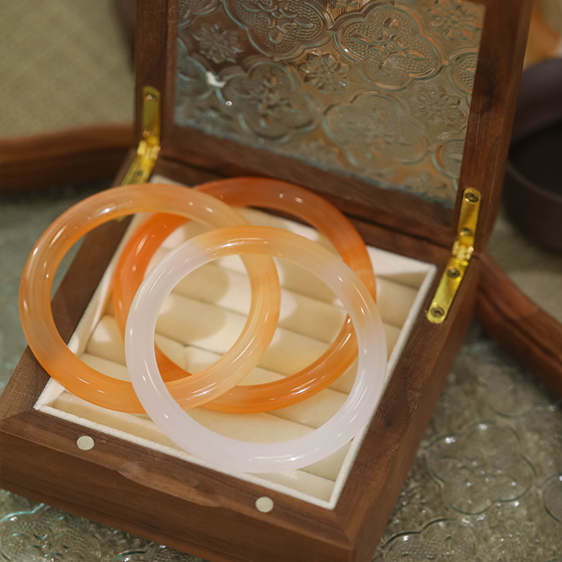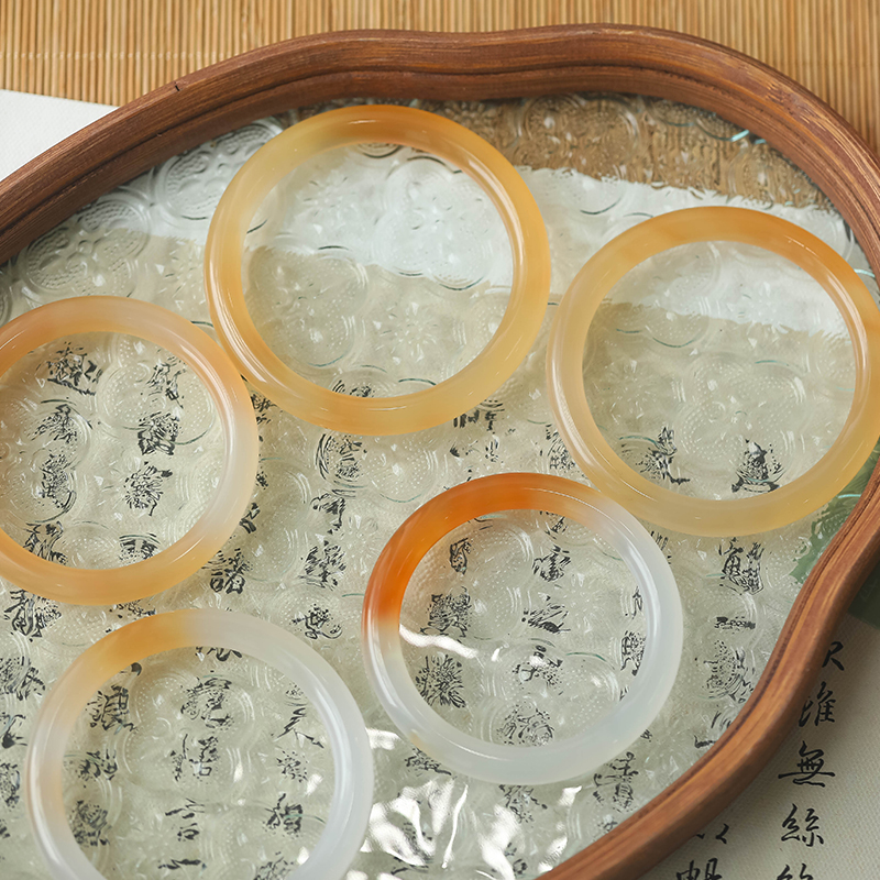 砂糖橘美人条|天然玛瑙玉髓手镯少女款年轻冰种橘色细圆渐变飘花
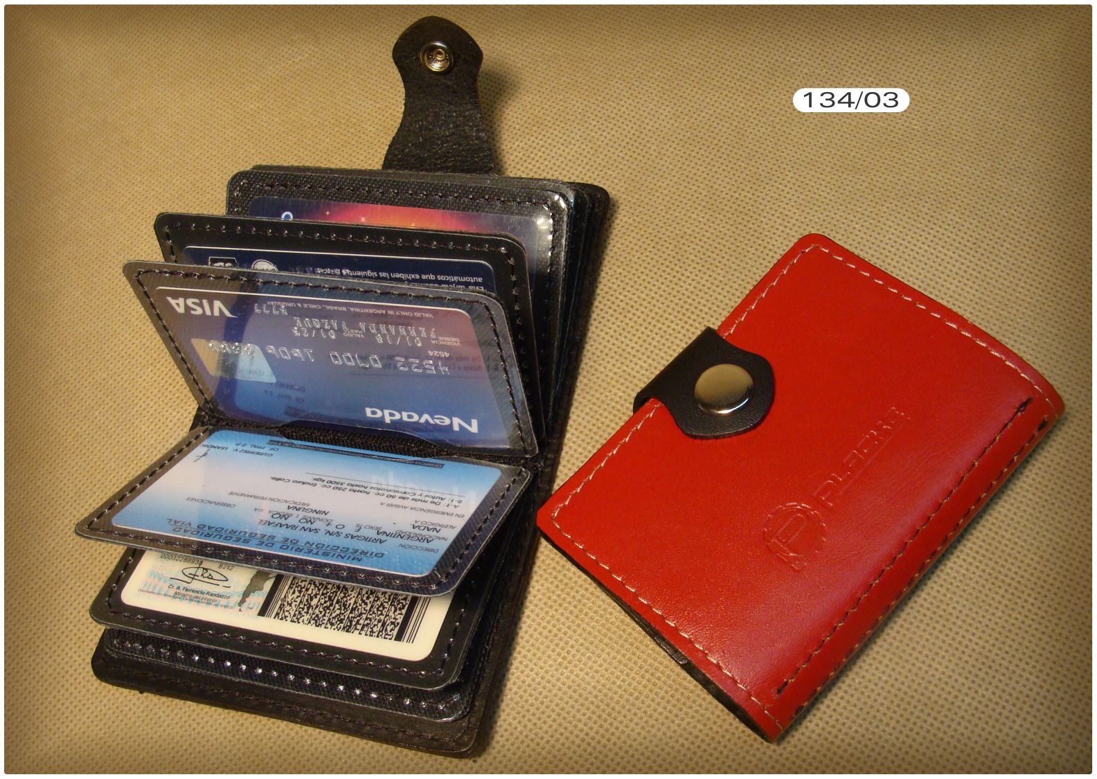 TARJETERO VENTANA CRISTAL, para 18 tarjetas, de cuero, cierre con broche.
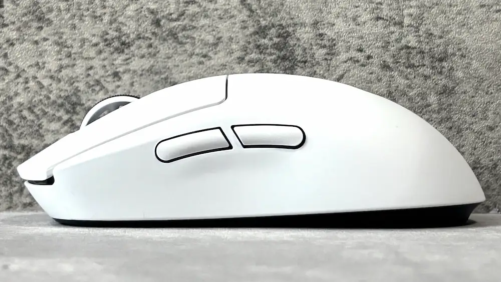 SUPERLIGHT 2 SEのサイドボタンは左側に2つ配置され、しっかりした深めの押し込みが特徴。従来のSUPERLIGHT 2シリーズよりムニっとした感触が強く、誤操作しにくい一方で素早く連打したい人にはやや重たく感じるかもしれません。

• • • • •

Task statement ->
Leaving every picture out, write out exactly the lines from the one that holds "TARJETERO VENTANA CRISTAL, para" through the end of the listing, both included.

Worked solution ->
 TARJETERO VENTANA CRISTAL, para 18 tarjetas, de cuero, cierre con broche.
 SUPERLIGHT 2 SEのサイドボタンは左側に2つ配置され、しっかりした深めの押し込みが特徴。従来のSUPERLIGHT 2シリーズよりムニっとした感触が強く、誤操作しにくい一方で素早く連打したい人にはやや重たく感じるかもしれません。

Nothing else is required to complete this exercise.